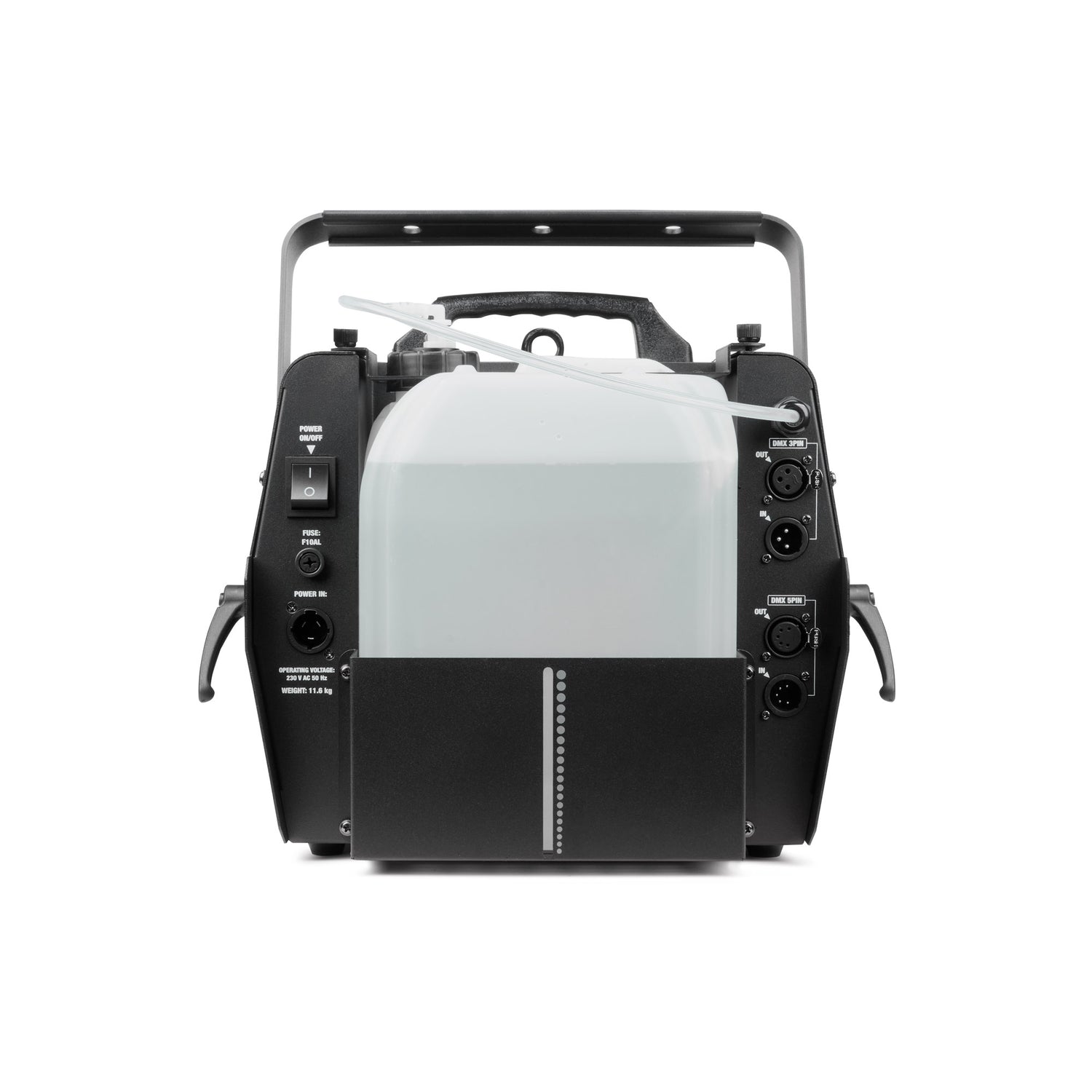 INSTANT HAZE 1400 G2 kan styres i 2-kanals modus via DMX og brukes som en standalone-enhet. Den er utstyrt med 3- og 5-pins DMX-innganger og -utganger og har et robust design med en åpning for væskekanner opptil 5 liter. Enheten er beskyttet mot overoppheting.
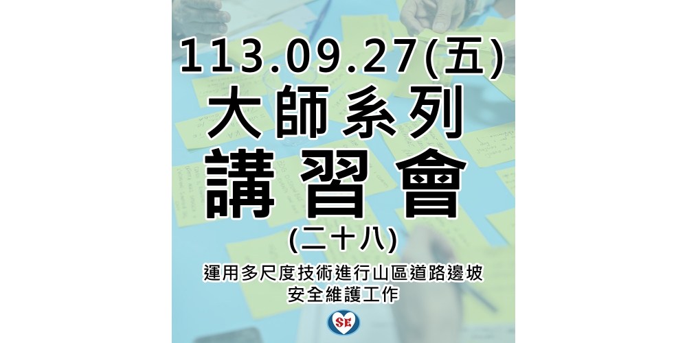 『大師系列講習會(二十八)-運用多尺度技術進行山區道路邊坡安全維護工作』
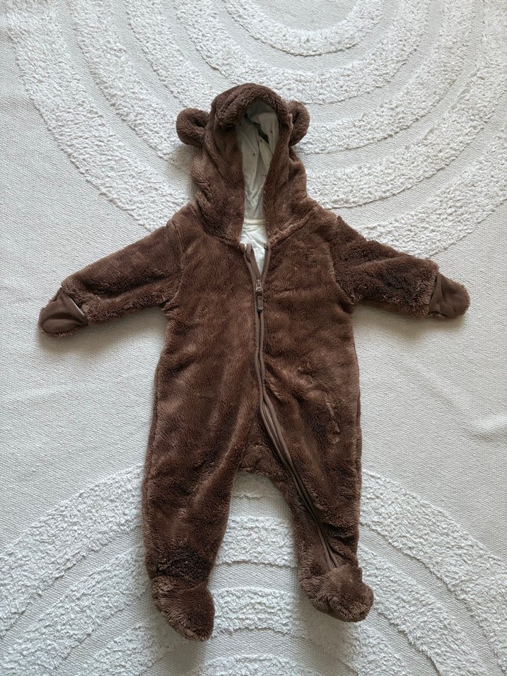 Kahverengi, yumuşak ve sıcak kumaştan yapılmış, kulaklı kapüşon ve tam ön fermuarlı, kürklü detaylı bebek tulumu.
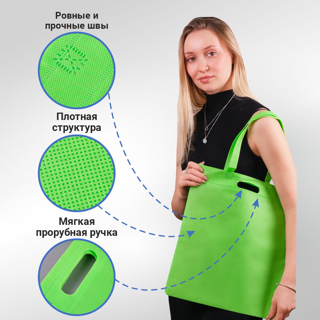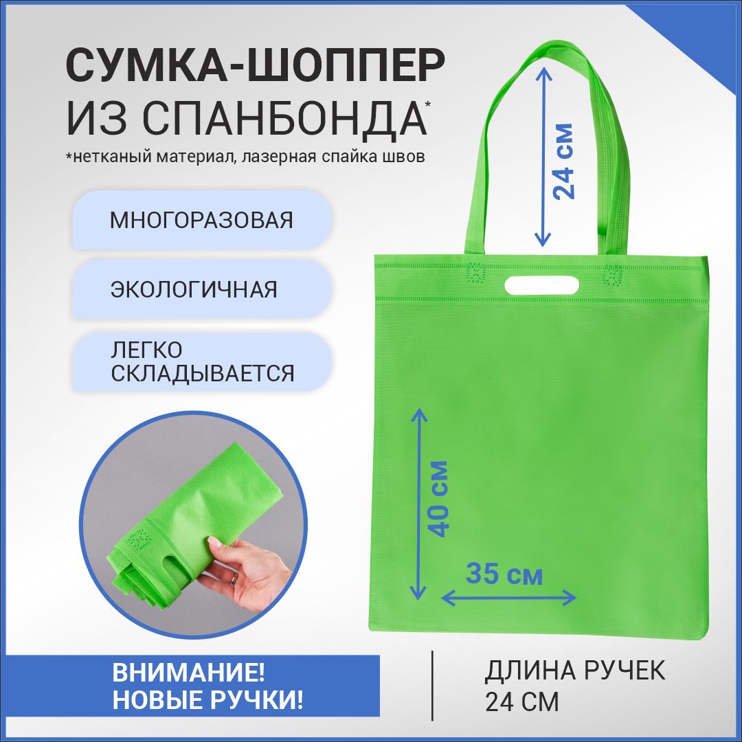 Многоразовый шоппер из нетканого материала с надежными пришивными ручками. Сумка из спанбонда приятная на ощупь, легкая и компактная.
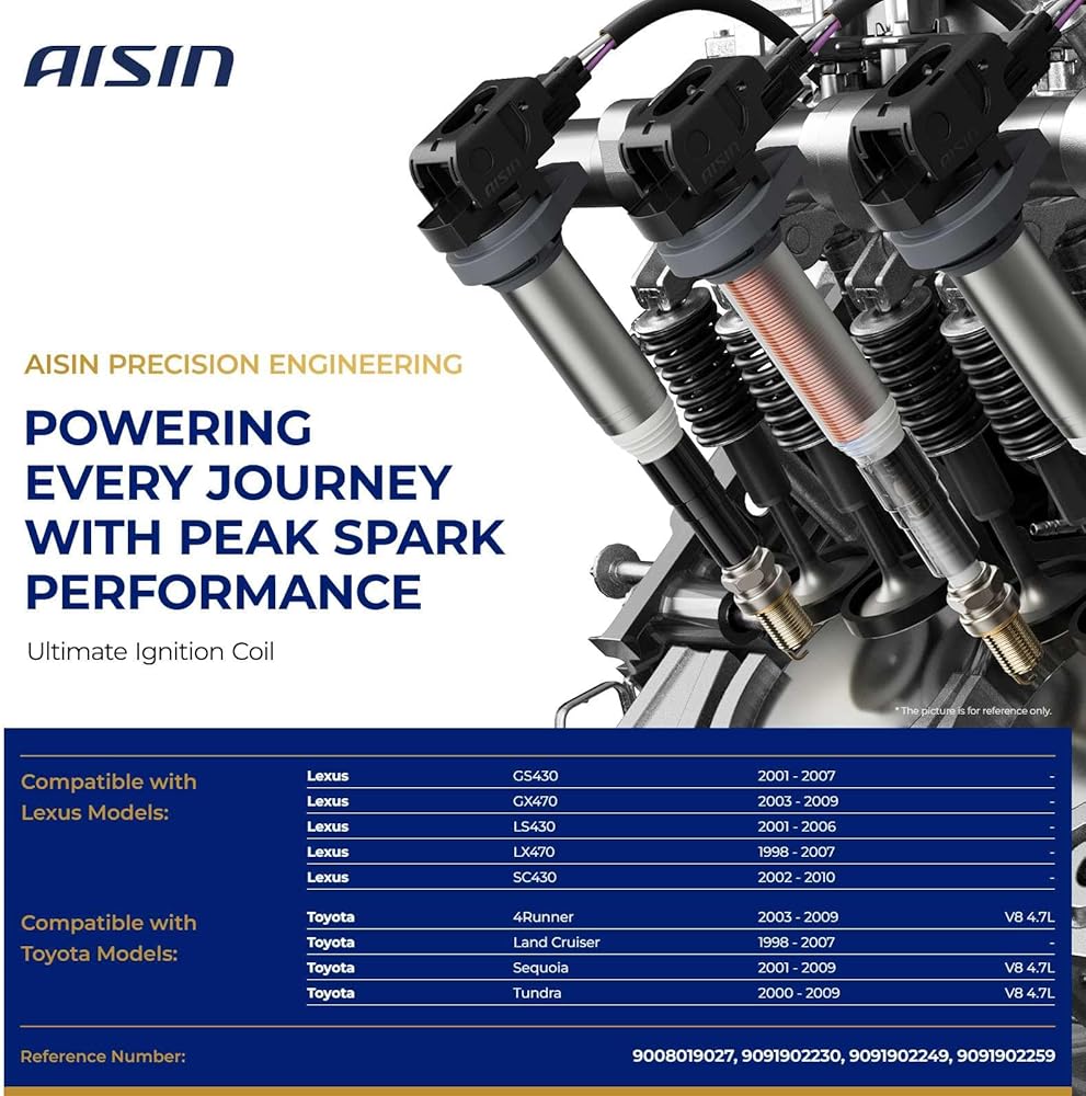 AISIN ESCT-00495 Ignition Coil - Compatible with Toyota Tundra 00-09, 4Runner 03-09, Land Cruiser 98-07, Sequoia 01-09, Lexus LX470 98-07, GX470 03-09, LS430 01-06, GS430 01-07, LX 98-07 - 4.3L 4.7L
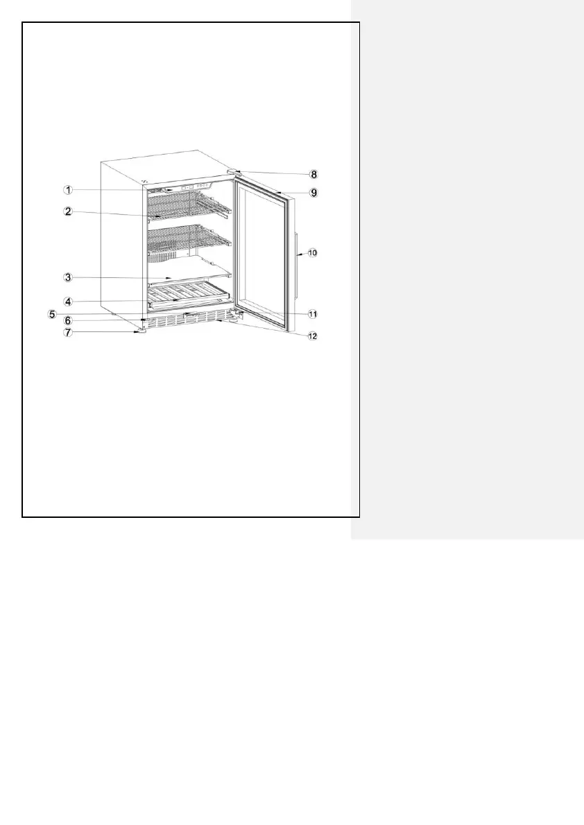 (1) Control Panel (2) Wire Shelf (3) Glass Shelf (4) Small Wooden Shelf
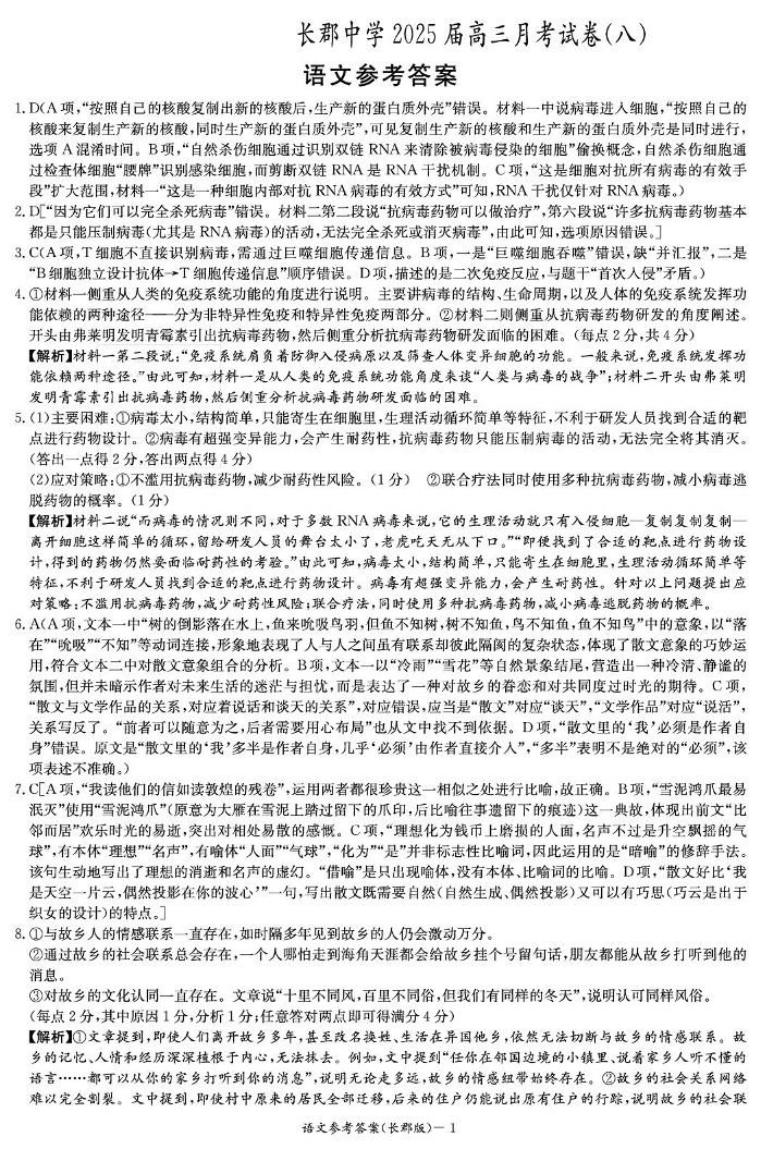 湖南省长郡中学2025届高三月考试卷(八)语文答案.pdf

════════════════

# Task details:
Take the lines from the one containing "AISIN ESCT-00495 Ignition" through the final line of the listing above and print them exactly, including both ends but no pictures.

# Response to the task:
 AISIN ESCT-00495 Ignition Coil - Compatible with Toyota Tundra 00-09, 4Runner 03-09, Land Cruiser 98-07, Sequoia 01-09, Lexus LX470 98-07, GX470 03-09, LS430 01-06, GS430 01-07, LX 98-07 - 4.3L 4.7L
 (1) Control Panel (2) Wire Shelf (3) Glass Shelf (4) Small Wooden Shelf
 湖南省长郡中学2025届高三月考试卷(八)语文答案.pdf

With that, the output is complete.